*Requirement*: Return, exactly and in full, the lines of the records below starting at the one with "ダイヤモンド型のブラシが、表面の汚れをより徹底的に落とします。丸いブラシよりも 2 倍*多く表面の汚れを落とします。" and ending at the one with "Sau đó, chư", and no other lines.

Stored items

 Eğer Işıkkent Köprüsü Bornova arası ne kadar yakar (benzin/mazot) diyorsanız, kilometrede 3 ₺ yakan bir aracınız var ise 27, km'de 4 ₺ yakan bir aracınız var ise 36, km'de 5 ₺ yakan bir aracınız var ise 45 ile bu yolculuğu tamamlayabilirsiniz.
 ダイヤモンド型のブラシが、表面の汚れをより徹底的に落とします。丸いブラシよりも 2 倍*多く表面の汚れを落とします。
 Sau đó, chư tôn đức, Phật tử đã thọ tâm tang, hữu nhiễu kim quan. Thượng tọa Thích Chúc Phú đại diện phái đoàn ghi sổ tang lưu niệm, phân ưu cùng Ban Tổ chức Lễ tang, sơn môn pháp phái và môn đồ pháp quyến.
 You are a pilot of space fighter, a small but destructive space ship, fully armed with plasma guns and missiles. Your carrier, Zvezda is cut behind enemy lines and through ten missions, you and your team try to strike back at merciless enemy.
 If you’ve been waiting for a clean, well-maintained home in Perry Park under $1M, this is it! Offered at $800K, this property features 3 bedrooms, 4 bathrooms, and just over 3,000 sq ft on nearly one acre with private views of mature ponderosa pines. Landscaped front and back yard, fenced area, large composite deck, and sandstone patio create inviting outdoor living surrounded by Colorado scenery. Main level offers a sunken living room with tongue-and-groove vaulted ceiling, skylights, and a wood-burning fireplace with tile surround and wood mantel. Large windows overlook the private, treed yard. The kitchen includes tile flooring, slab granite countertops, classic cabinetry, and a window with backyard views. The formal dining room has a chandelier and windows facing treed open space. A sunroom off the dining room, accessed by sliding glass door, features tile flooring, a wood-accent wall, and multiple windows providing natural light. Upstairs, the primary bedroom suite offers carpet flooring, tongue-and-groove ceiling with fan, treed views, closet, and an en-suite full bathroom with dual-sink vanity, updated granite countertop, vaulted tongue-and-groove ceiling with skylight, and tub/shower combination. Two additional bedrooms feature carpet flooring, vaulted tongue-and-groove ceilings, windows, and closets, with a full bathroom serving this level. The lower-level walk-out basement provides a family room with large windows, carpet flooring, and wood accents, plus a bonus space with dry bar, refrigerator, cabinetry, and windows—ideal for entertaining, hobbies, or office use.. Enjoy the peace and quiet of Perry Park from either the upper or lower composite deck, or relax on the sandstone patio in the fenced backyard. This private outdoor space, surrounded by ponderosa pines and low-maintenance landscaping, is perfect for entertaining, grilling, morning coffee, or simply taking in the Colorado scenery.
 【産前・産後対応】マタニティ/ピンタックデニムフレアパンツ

*Response for this exercise*:
 ダイヤモンド型のブラシが、表面の汚れをより徹底的に落とします。丸いブラシよりも 2 倍*多く表面の汚れを落とします。
 Sau đó, chư tôn đức, Phật tử đã thọ tâm tang, hữu nhiễu kim quan. Thượng tọa Thích Chúc Phú đại diện phái đoàn ghi sổ tang lưu niệm, phân ưu cùng Ban Tổ chức Lễ tang, sơn môn pháp phái và môn đồ pháp quyến.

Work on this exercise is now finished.